В окно задувает ветерок. Похоже, день будет прохладный, даже для конца сентября в Бруклине. Но под одеялом так тепло, и Парвиз вспоминает маму — как он маленьким мальчиком забирался к ней в кропать. Утром, стоило заскрипеть гаражным воротам, затарахтеть мотору отцовой машины, как Парвиз перебирался к матери, она была теплая и все еще сонная.

— Ну вот, Парвиз, сынок, жизнь идет своим чередом без нас с тобой, — говорила мама со смешанным чувством вины и облегчения, — только ты никому не рассказывай, какие мы с тобой бездельники.

Очень хочется поговорить с ней, но в последнее время никто не снимает трубку, даже Хабибе. В последний раз они звонили ему в конце августа. Вечер тогда выдался душный, и когда раздался звонок, Парвиз, чертыхаясь и обливаясь потом, гонялся по комнате с ботинком в руке за тараканом. О таракане он не стал говорить. Сказал, что у него все хорошо, спросил, как дела дома, а они ответили, что у них тоже все хорошо, все в порядке.

* * *

Прохладное утро, Парвиз идет, засунув руки в карманы, подняв воротник пальто. В университетском городке полным-полно студентов, они сидят на ступеньках, стоят группками на газоне, но среди них нет ни одного знакомого лица. Было время, когда он заводил дружбу с легкостью. А теперь даже не помнит, как это делается. Перемена произошла незаметно, подкралась как уродующая лицо болезнь. Говорит он без ошибок, но как-то книжно, это годится для уроков, для того, чтобы завязывать дружеские отношения — нет. А шутки в переводе и вовсе не кажутся смешными. Да, жизнь идет своим чередом, но без меня, говорит себе Парвиз.
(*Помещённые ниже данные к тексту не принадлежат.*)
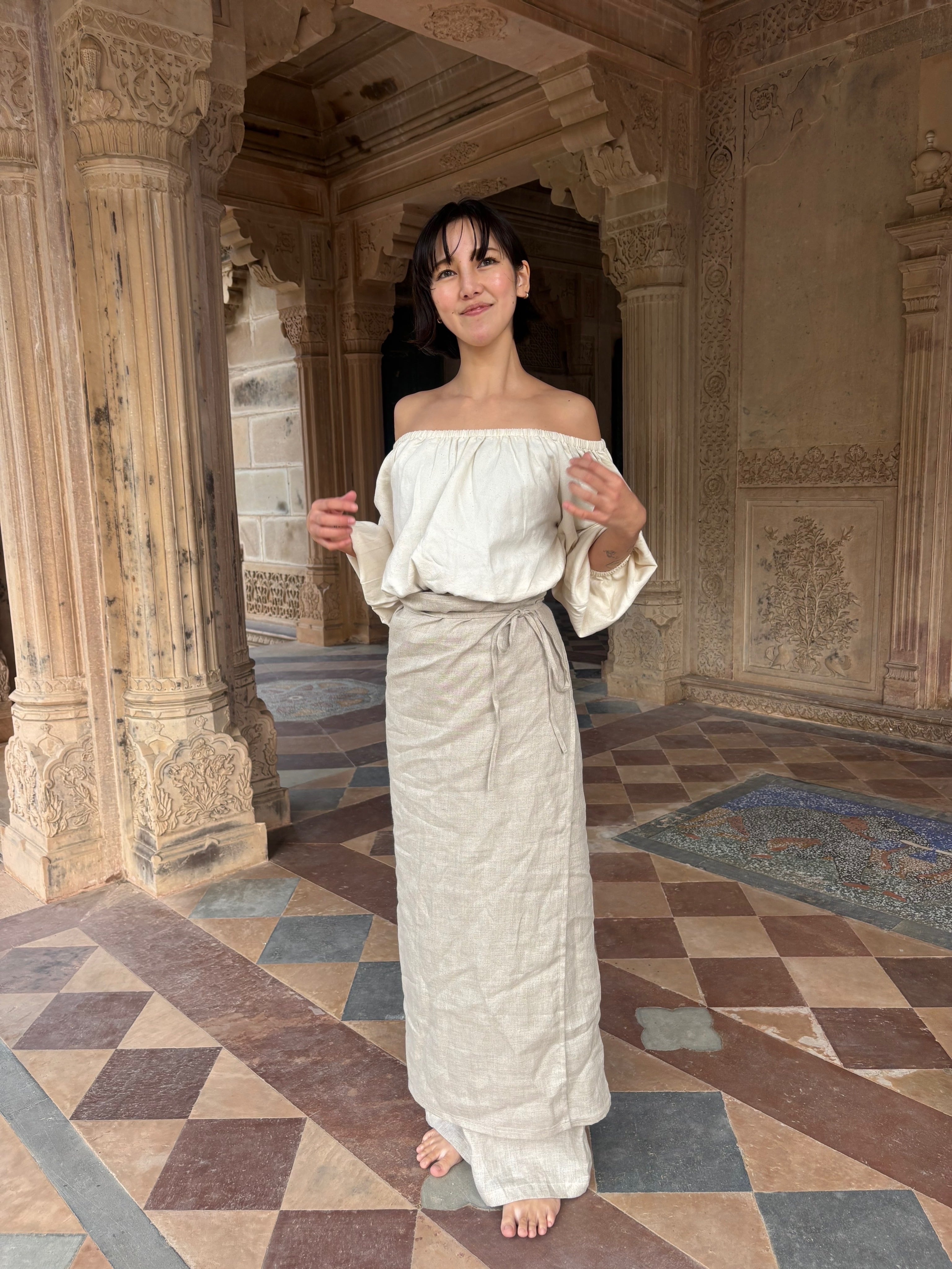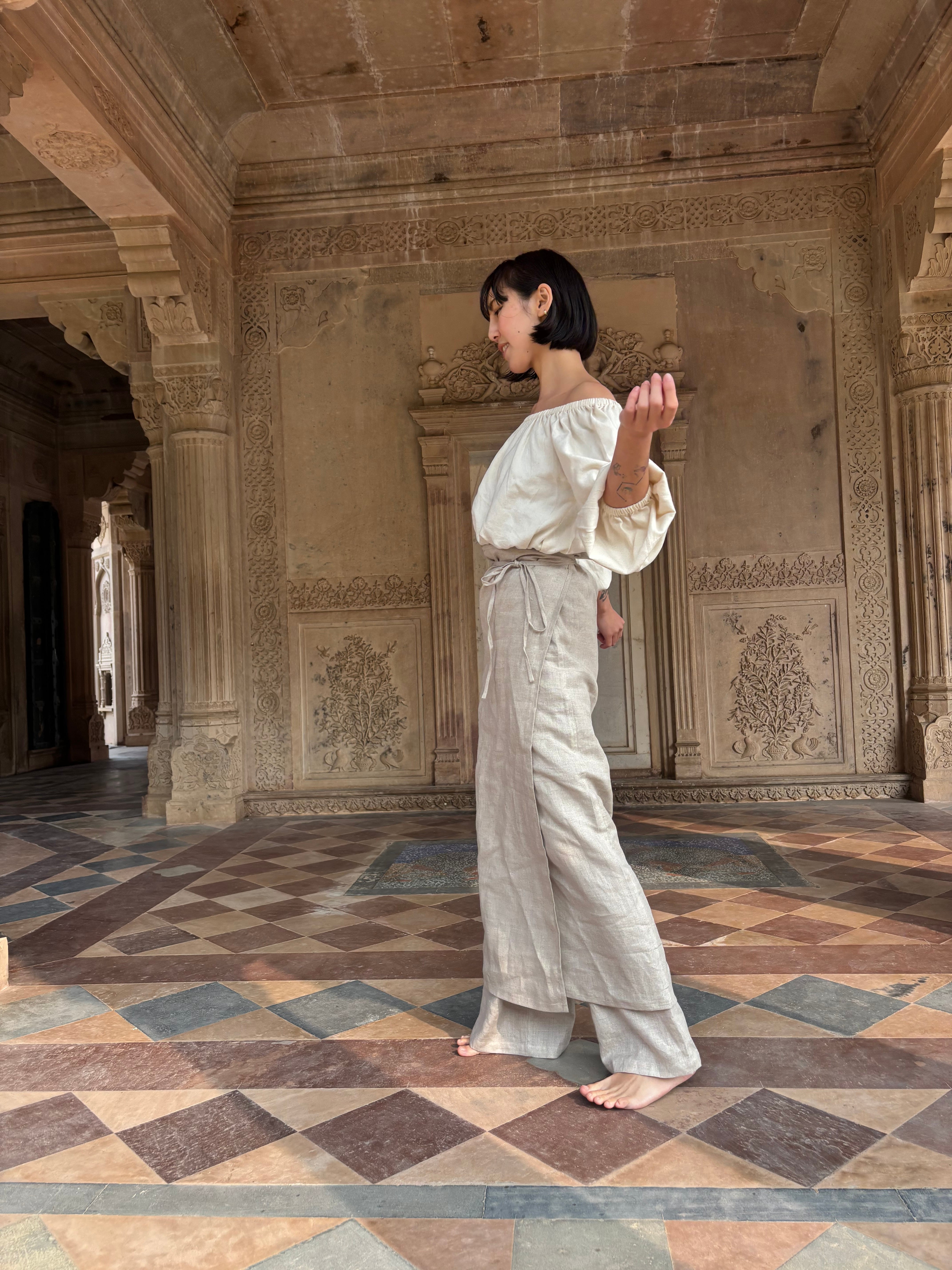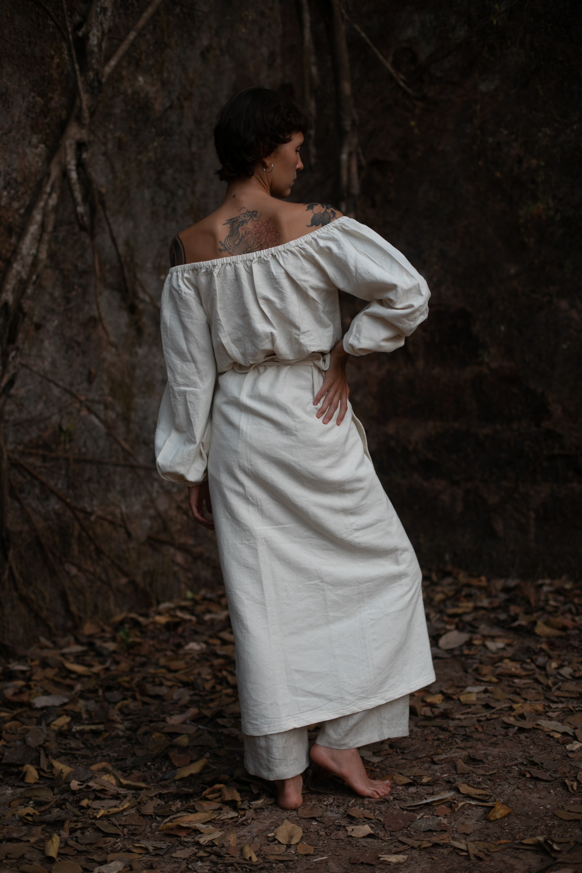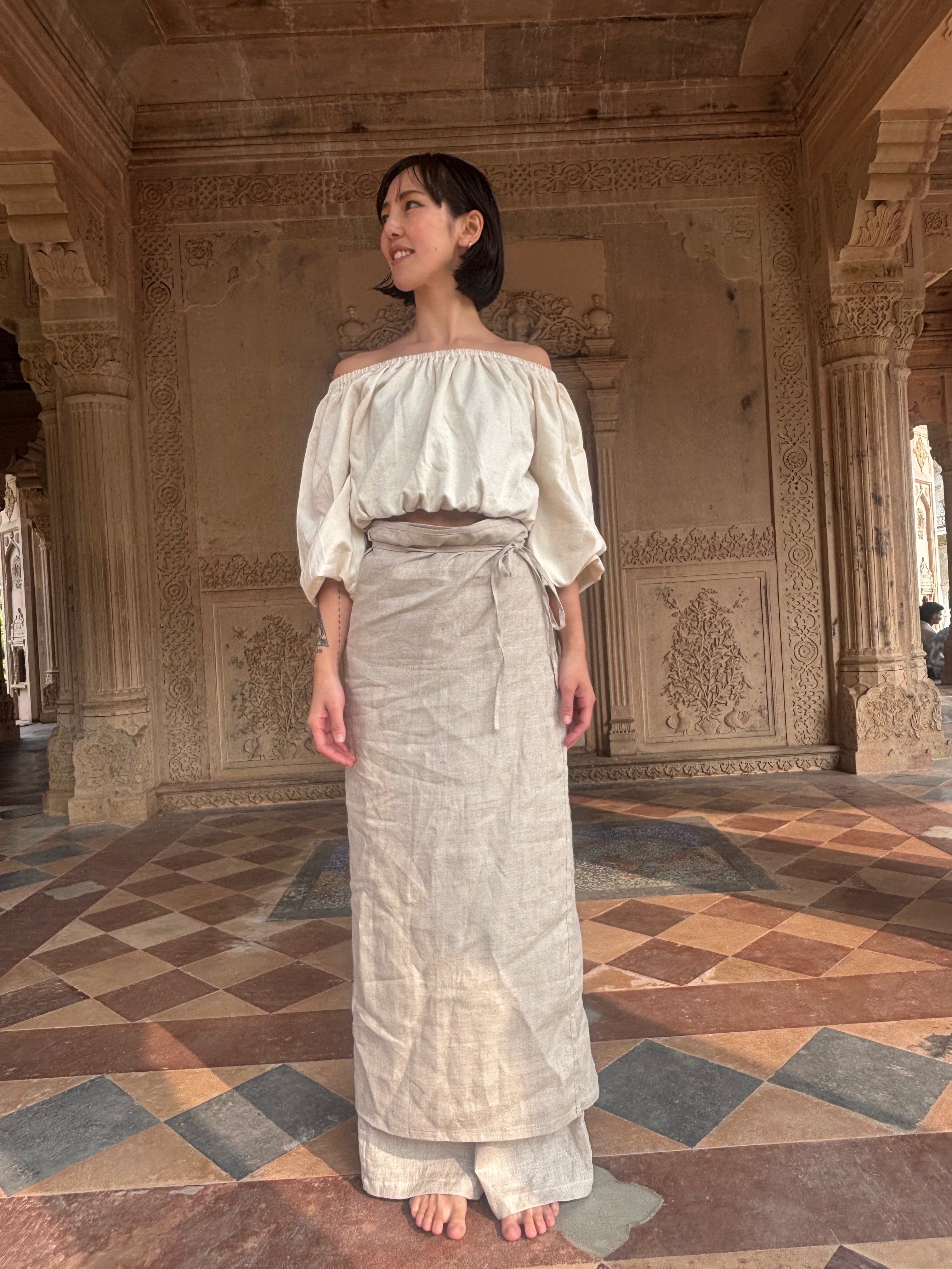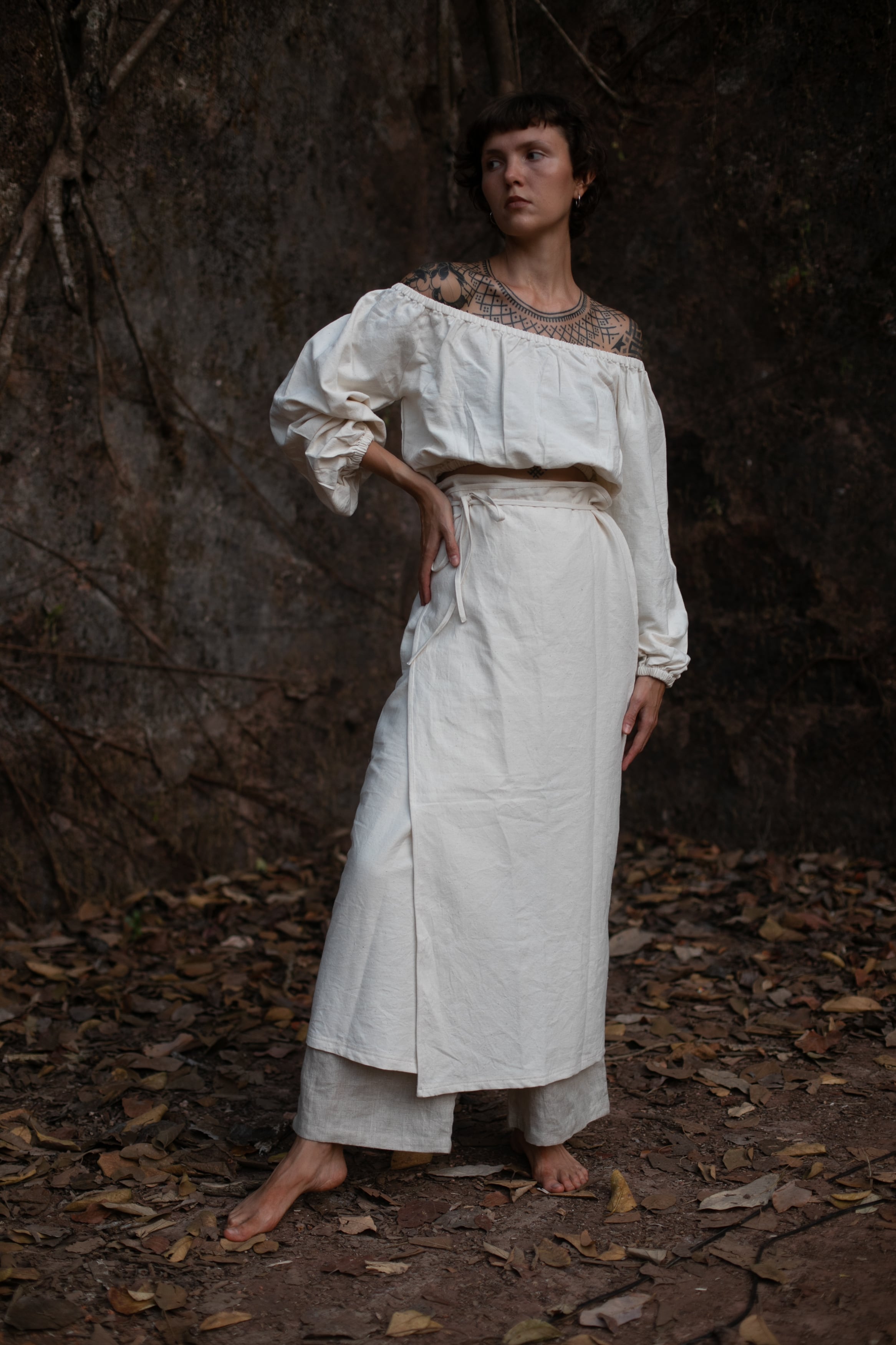 「ハンドルームコットン」で仕立てた、生成りのオフショルダートップスです。

На занятиях, когда демонстрируют слайды с изображениями различных сооружений, Парвиз сочиняет письмо родителям. В полутьме аудитории он пишет, что все у него хорошо, что с занятиями полный порядок, хозяин, у которого он снимает квартиру, славный человек и обеспечивает его всем необходимым. Парвиз заканчивает письмо и поднимает голову. Однокурсники сидят в слабом свете проектора, завороженные сменой диапозитивов, монотонной речью преподавателя, яркими картинками — на экране калифорнийские дома: отделка деревом, дворы-атриумы, огромные окна, выходящие в сад. Все дома такие чистые, простые, солнечные, радостные, их незатейливые очертания сулят десятки лет безмятежной жизни в одном и том же городке, на одной и той же улице, в одном и том же доме, однако от скуки не спасают. Глядя на слайды, Парвиз вдруг понимает, что его однокурсники, такие похожие друг на друга, такие жизнерадостные, не знавшие горя в жизни, родились в таких вот домах.

* * *

Днем Парвиз вынимает из почтового ящика целый ворох счетов и письмо от сестры, вскрытое, затем заклеенное клейкой лентой. Он разрывает конверт, быстро проглядывает листок — ищет фразу «У дяди и ребят все хорошо», это своего рода пароль: так родители дают знать, что выслали деньги. Парвиз переворачивает листок, подносит его к флуоресцентной лампе, но, не обнаружив фразы и в ее желто-зеленом свете, кладет письмо в карман, спускается по лестнице в свою комнату в полуподвале. И тут вспоминает, что не прочел письмо Ширин толком — все заслонила мысль о деньгах. Уже в комнате Парвиз разворачивает письмо и читает, на этот раз не торопясь:

8 сентября 1981 года

Дорогой Парвиз!

Сегодня первый день в школе. Училки — жуть, да и только. А так ничего. Скучаю по тебе.

В конце Ширин нарисовала красное сердечко — тщательно, с идеально ровными половинками — и подписалась по-английски, хотя перекладина буквы «и» повернута не в ту сторону. Парвиз улыбается — как будто желая доказать и себе, и сестре, что рад письму, с деньгами оно там или без.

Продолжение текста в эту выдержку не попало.